劍無影慘淡地笑了笑:「連老天也不給你贏我的機會,你還是死心吧。」
「到了這個時候,你們還說這些幹什麼,真是被你們氣死了。」劍名打斷了他們,惱火地道,看無影這個樣子反倒更加擔心,他此刻的反應有點像…迴光返照。
「煙兒,好想再看看我們的桃林。」無影握著寒煙的手,帶有很強的渴望望著她。
「好,我們去桃林。」寒煙扶起無影的身子,簫儀阻止道,「煙兒,他的身子太弱了,不行的。」
「路姨,我沒事,我想單獨和煙兒呆一會兒。」無影整個身子幾乎靠寒煙單薄的身體來支撐,他知道自己就快不行了,他感覺的出,所以更加要珍惜這最後的一點兒時間。
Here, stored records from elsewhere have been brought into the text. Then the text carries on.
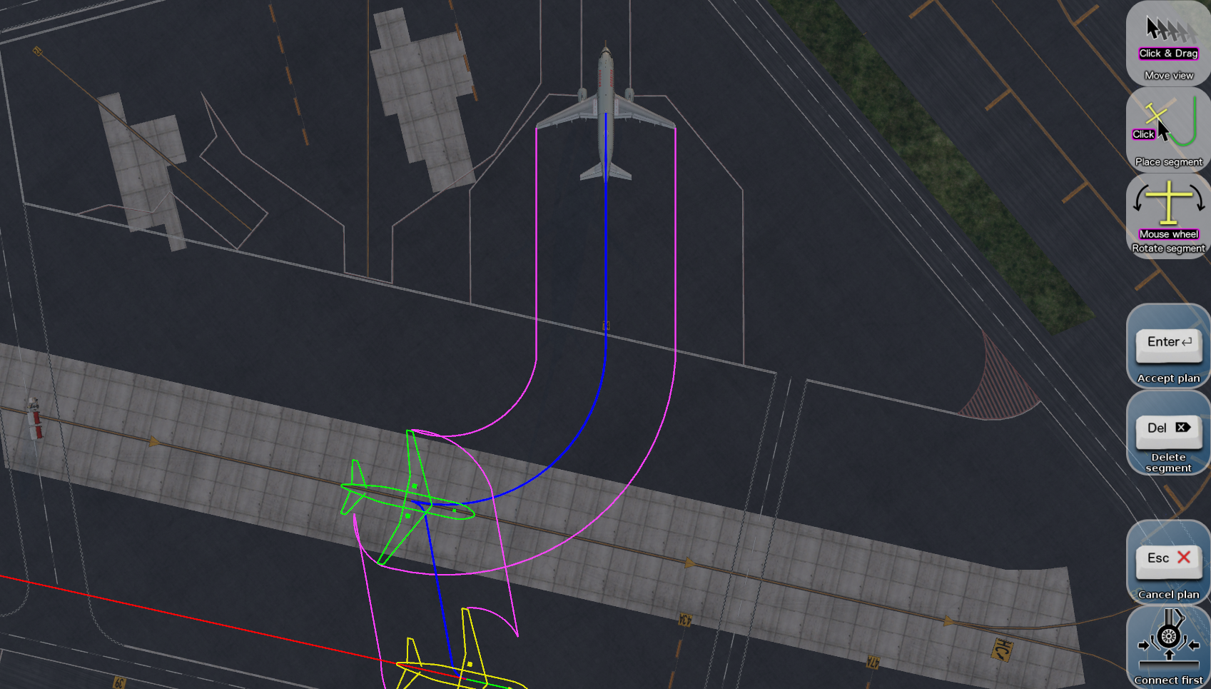 기존 X plane에서는 키를 바인딩하여 3인칭 시점에서 직접 돌려야하는데, 이 플러그인을 사용하면 상단 시점에서 푸쉬백 경로를 시각적으로 지정하고, 수행할 수 있습니다.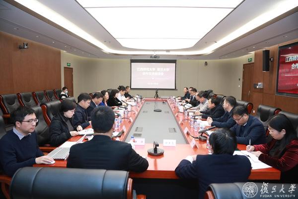 12月5日上午,江西师范大学校长、中国工程院院士陈芬儿一行来复旦大学考察交流,共话校际合作发展之道。合作交流座谈会在逸夫楼举行。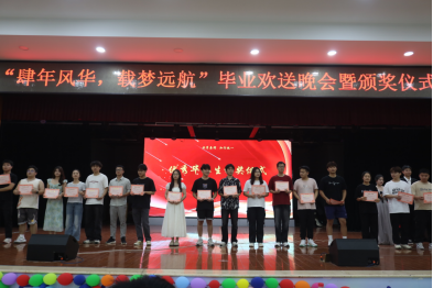 随后,颁奖仪式隆重举行。学院党委副书记易志明宣读获奖名单,吕贤军、余洪、胡威朋分别为王朝辉等12名优秀党员、周禹等25名优秀干部、杨鄂等32名优秀毕业生颁奖,表彰他们大学期间的优异表现。希望获奖同学以荣誉为新起点,也期待全体毕业生在未来征程中继续发扬母校赋予的拼搏精神,让青春在更广阔的天地间绽放光彩。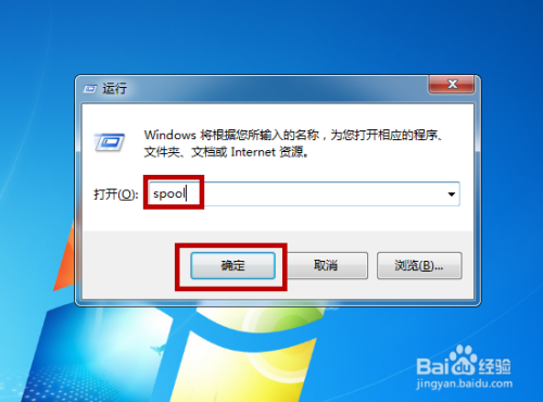 同时按下电脑键盘的【windows】+【R】,打开运行界面后输入【spool】并点击【确定】。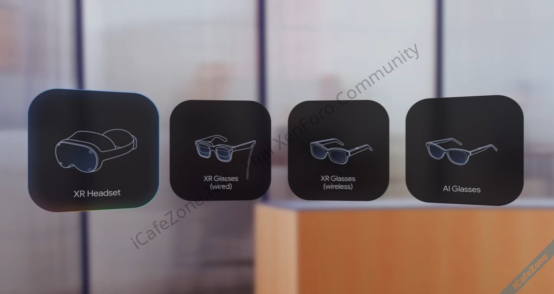 Wired XR Glasses แว่นสายตาแบบมีหน้าจอฝังในแว่น แต่มีสายต่อเพื่อประมวลผลนอกแว่น (ต่อเข้ามือถือ) ให้แว่นมีน้ำหนักเบาลง แว่นตัวนี้คือ Project Aura ที่พัฒนาร่วมกับ XREAL และเคยนำมาโชว์ในงาน Google I/O 2025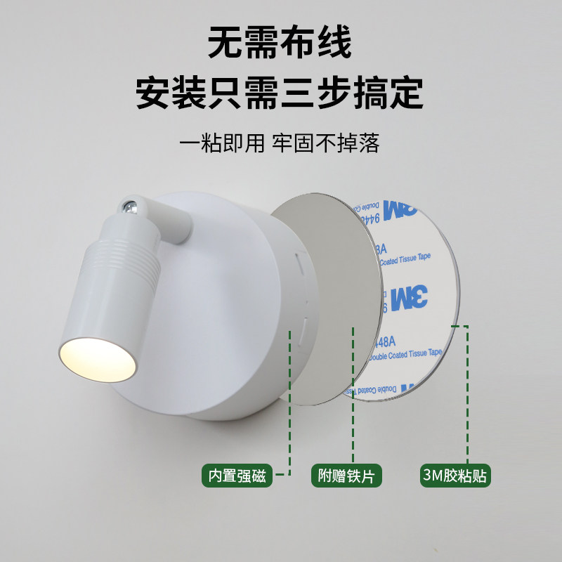 📚 全光谱免布线壁灯墙灯可调焦聚光灯床头灯免打孔免接线充电射灯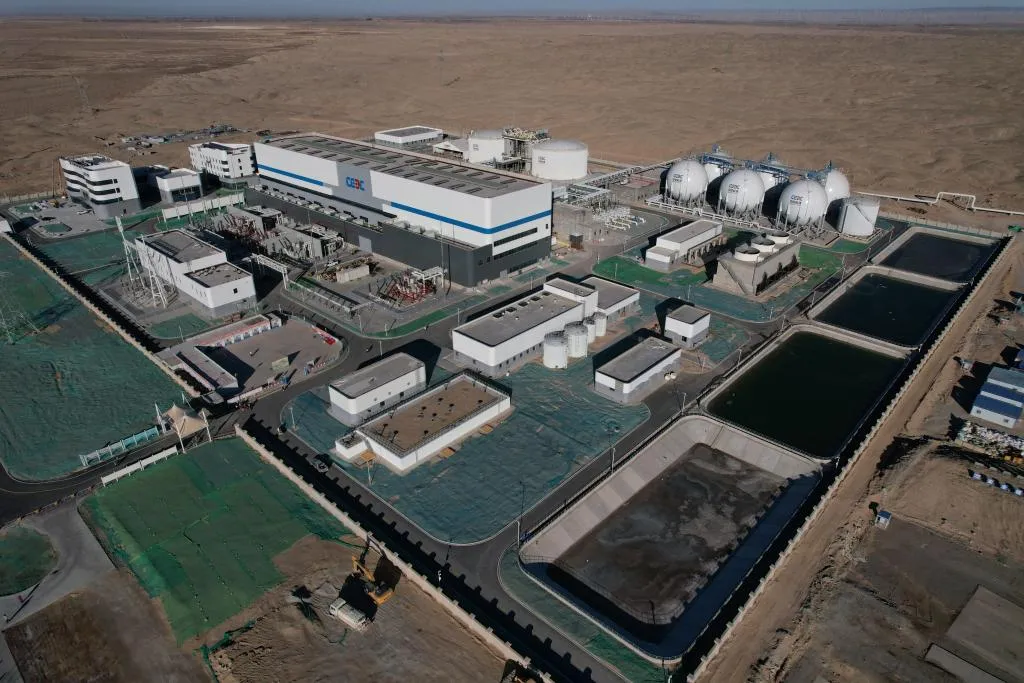 这是2025年12月2日拍摄的位于甘肃酒泉的300MW压缩空气储能电站示范工程(无人机照片)。新华社记者 范培珅 摄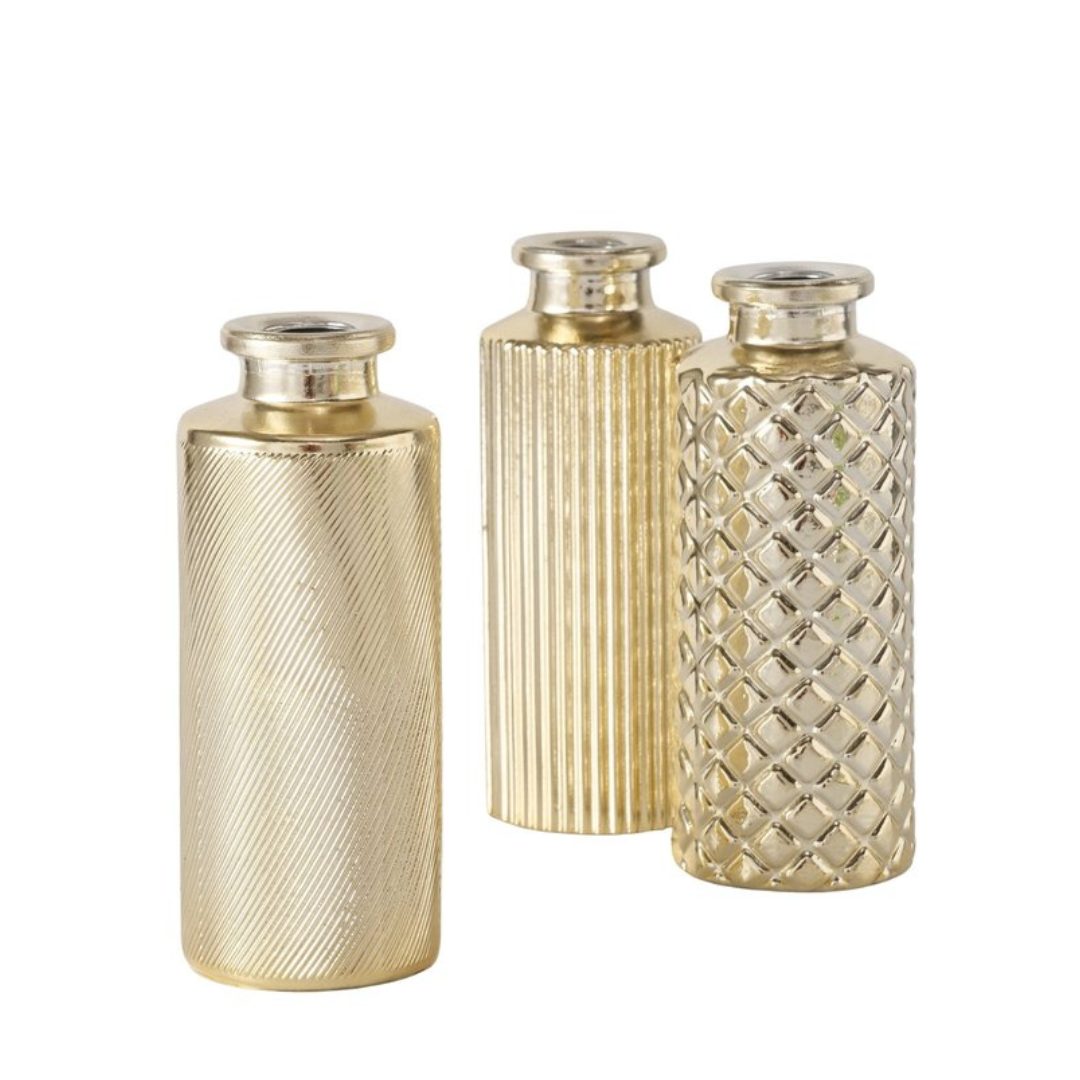 Set van 3 goudkleurige vaasjes (5 x 13 cm) met verschillende patronen.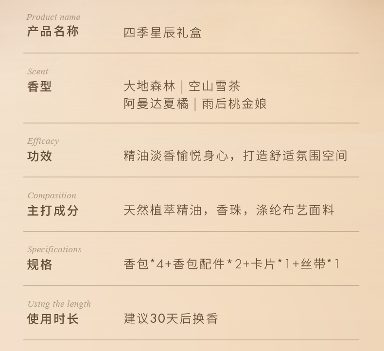 独特艾琳(Dear lrean) 四季星辰 13g*4 香氛礼盒(配礼袋) 混色(单位:盒)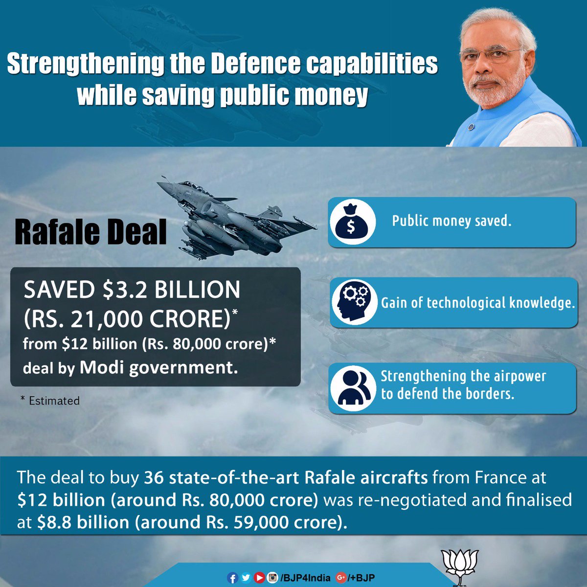 Rafale deal: 'Strengthening defence capabilities'- Modi government saved $3.2 billion out of $12 billion deal.pic.twitter.com/gtegCAXxF8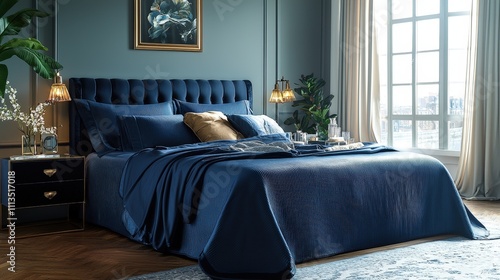 © Milaballe, Obraz premium Elegant navy blue bedroom with luxurious bedding and modern decor accents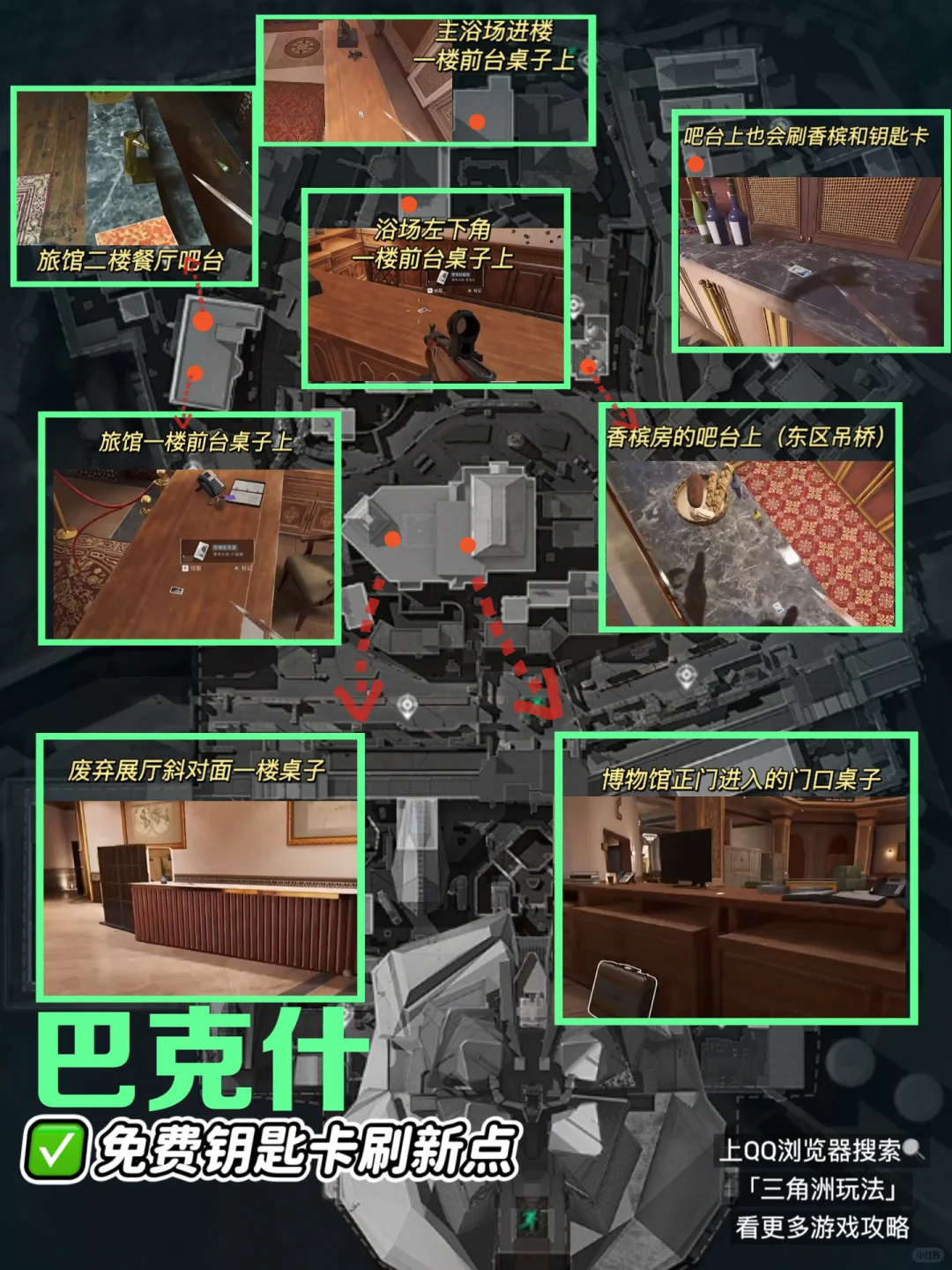 三角洲行动巴克什全8个免费钥匙卡刷新点!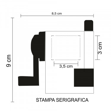 Aria di stampa max CM 3.5 X 3 cm in serigrafia o tampografia in monocolore (per stampa multicolor richiedere info). Grafica fornita dal cliente o richiedere bozza fornendo il logo in alta qualità o in vettoriale, inoltre indicare colore preferito e colore di stampa.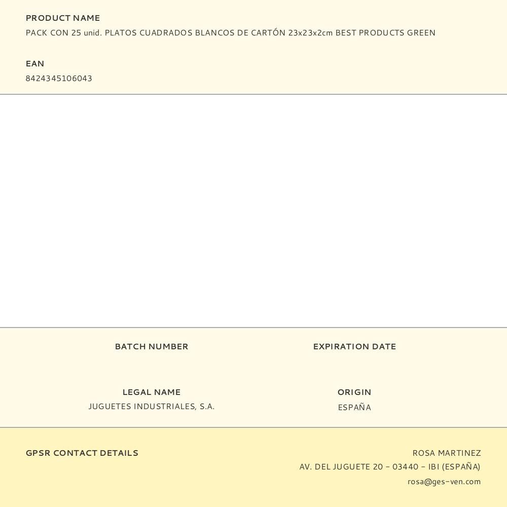 PLATOS DE CARTÓN CUADRADOS BLANCOS 23 x 23 x 2 cm, 25 uds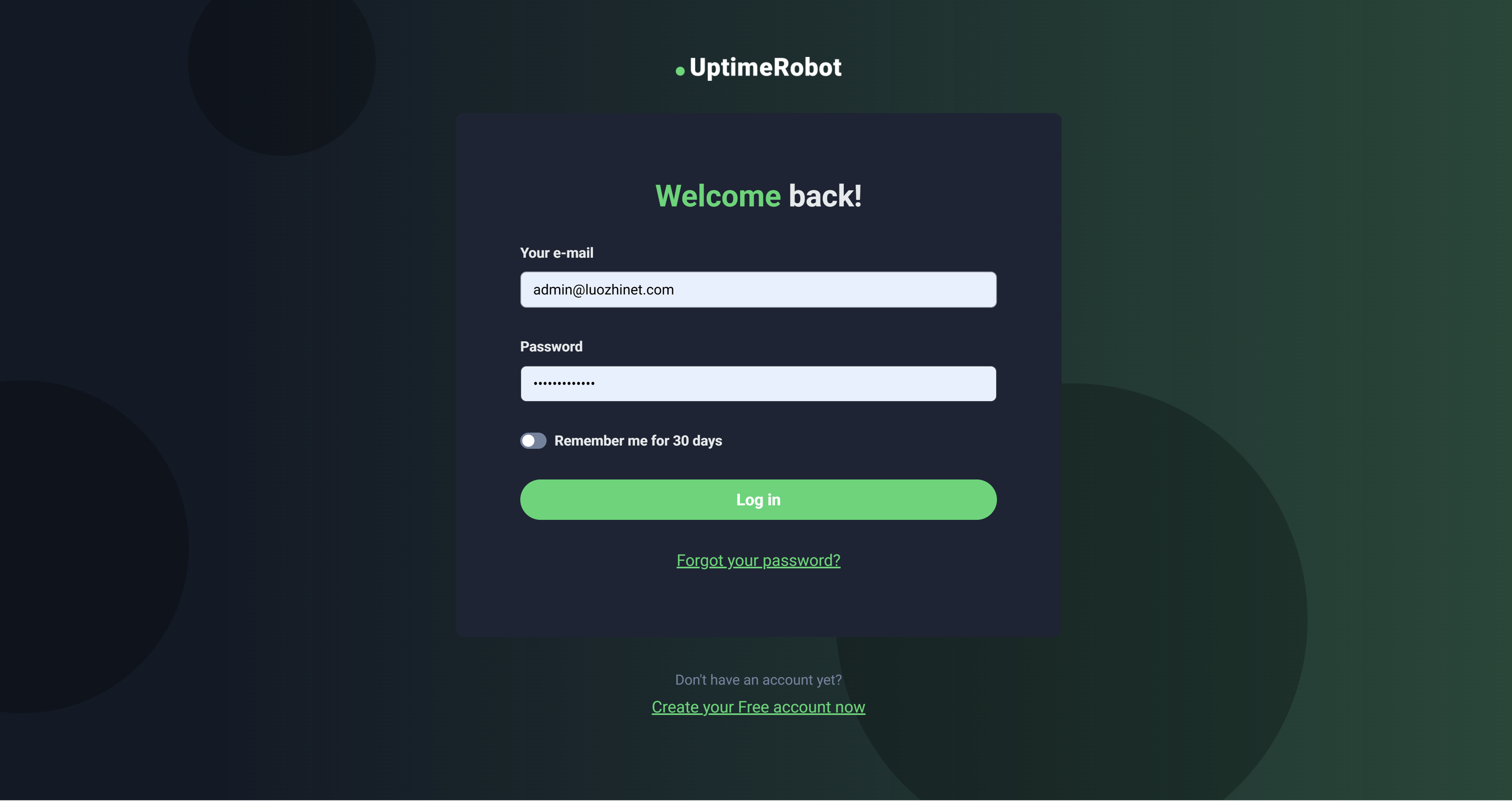 - 首先,去官网 UptimeRobot 注册 注册一个账号,使用邮箱即可完成注册。
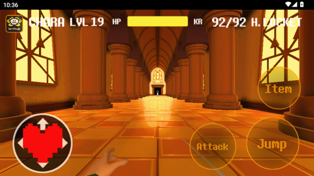 3、进入第一人称战斗场景,屏幕左下角为移动控制杆,右下角为“Attack”“Jump”“Item”操作按钮。

「大哥,我們走吧。」寒煙抱著他的腰,扶著他向桃林走去。
「爹-」賦兒追了兩步,並劍名抱住,「賦兒,你爹一會兒就會回來了。」
「龍大哥,你不過去。」子凌有些納悶地問。
龍浩南心裡也很苦澀,劍無影竟然是為了寒煙送的東西傷重如此,如果他活下去還好,如果他死了,將成為寒煙心中永遠無法彌補的傷口,劍無影,你不要死,千萬不要死。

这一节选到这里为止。